Millennials and Gen Z scions are probably best known for their interest in ethical and sustainable investment strategies. Numbers from UBS show families are switching to a more ‘intentional’ sustainability approach that goes beyond simply excluding ‘non-ESG’ investments. Families surveyed said their exclusion-based strategies would drop from 37 per cent to 24 per cent in five years, with more intentional impact investing set to rise. Sustainable and impact investing strategies find a natural home in the private markets, where investors tend to have more control, as well as more opportunity to scrutinise and question investees.
Younger people are also more likely to believe that private market alternatives will provide outsize returns. When the Bank of America spoke to those with more than $3 million in investible assets, 75 per cent of Gen Zs and millennials (aged 21 to 42 at time of survey) said it is not possible to achieve above-average returns by relying on traditional stocks and bonds. They therefore had only 25 per cent of their holdings allocated to public stock markets, compared with 55 per cent for those aged 43 and over. In response, platforms like Moonfare and iCapital have entered the market, making private equity deal making – particularly across venture, debt, and buyout – more accessible for smaller family offices.

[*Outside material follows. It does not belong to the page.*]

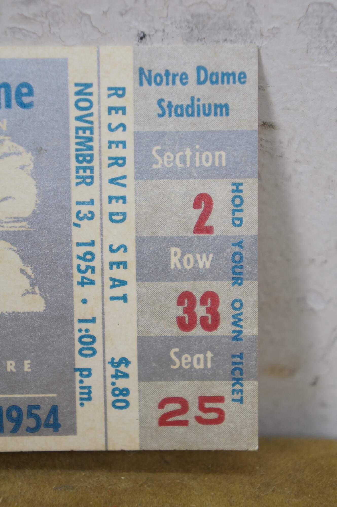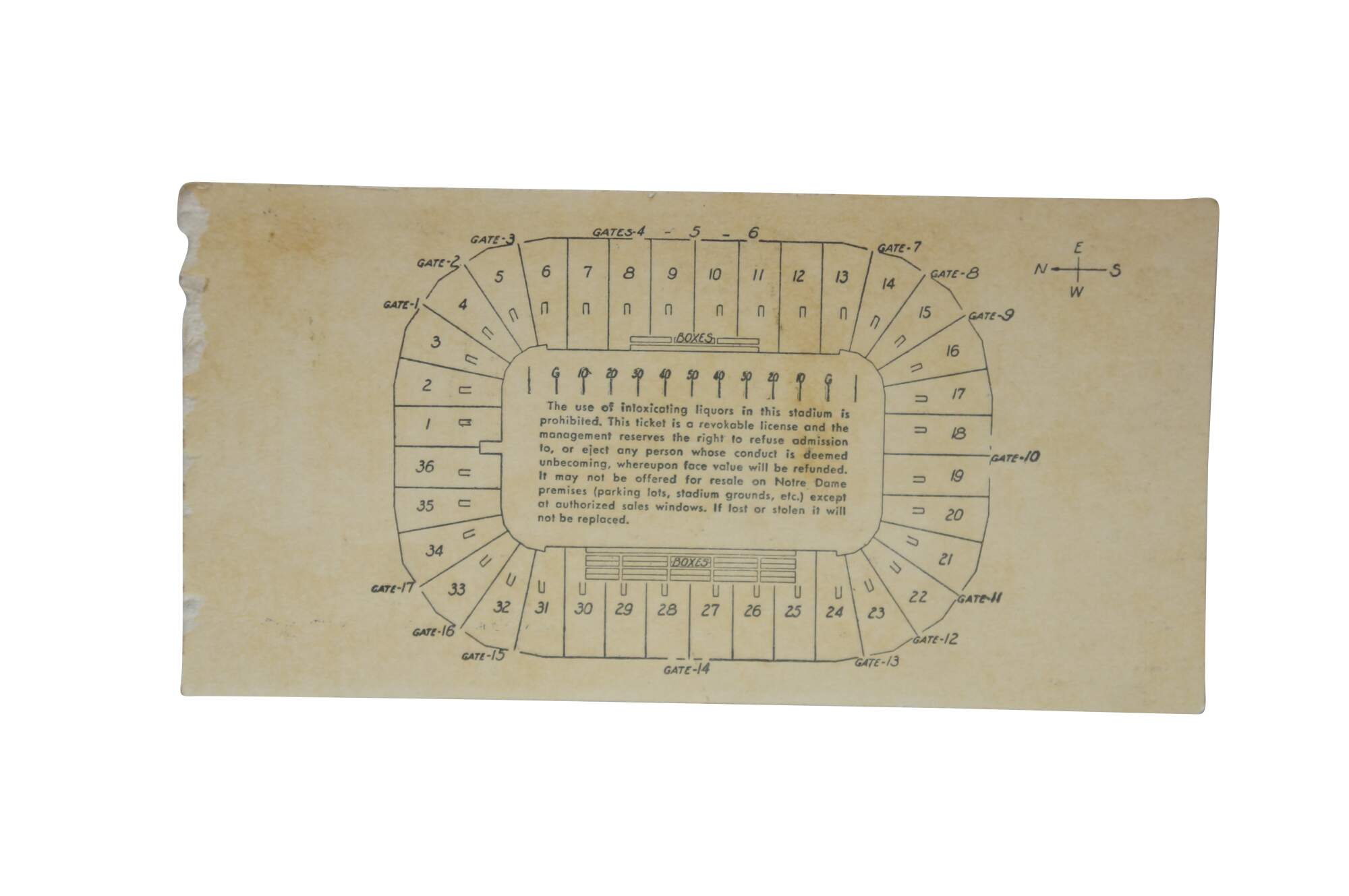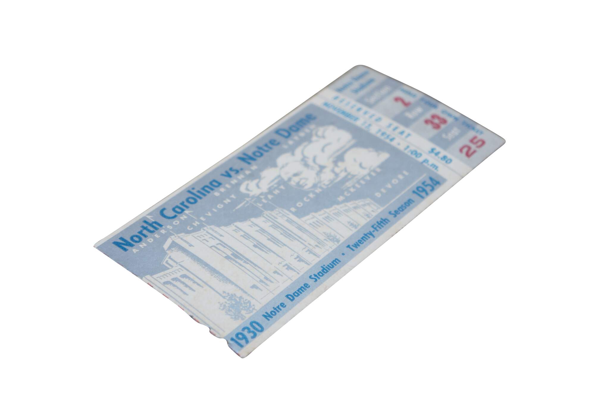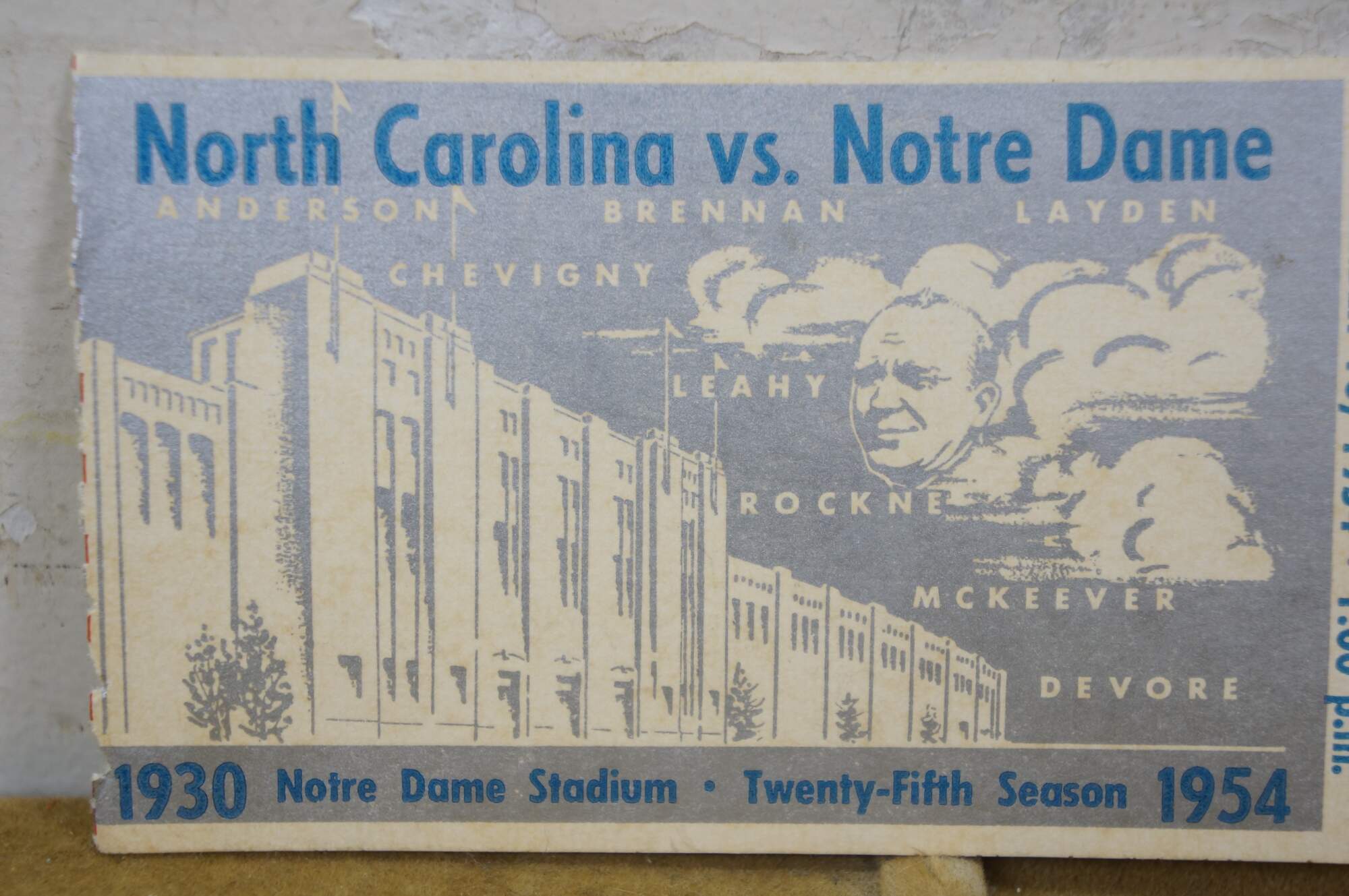 Mid-century 1954 North Carolina Tar Heels versus Notre Dame Fighting Irish football ticket stub.

So, what changes will ‘Gen PC’ herald in when they do take the reins? Their enhanced focus on sustainability, private credit and private markets will increase demand for technology that allows them to monitor their holdings in real-time, given the instant access these digital natives are accustomed to. The demand for better portfolio monitoring technology forms part of a trend towards professionalisation in the family office space, with 40 per cent of the largest single-family offices now making decisions via a formal governance process.
This generational transition is also occurring within an uncertain macroeconomic context, where challenges such as inflation, heightened geopolitical tensions, and a volatile market are mounting. These considerations will inevitably influence how the next generation navigates their burgeoning roles. The agility, technological savvy, and ethical compass of these new wealth holders will be critical in steering their family fortunes through the unpredictability ahead.
Ilias Georgopoulos is the Global Head of Private and Institutional Asset Owners at IQ-EQ.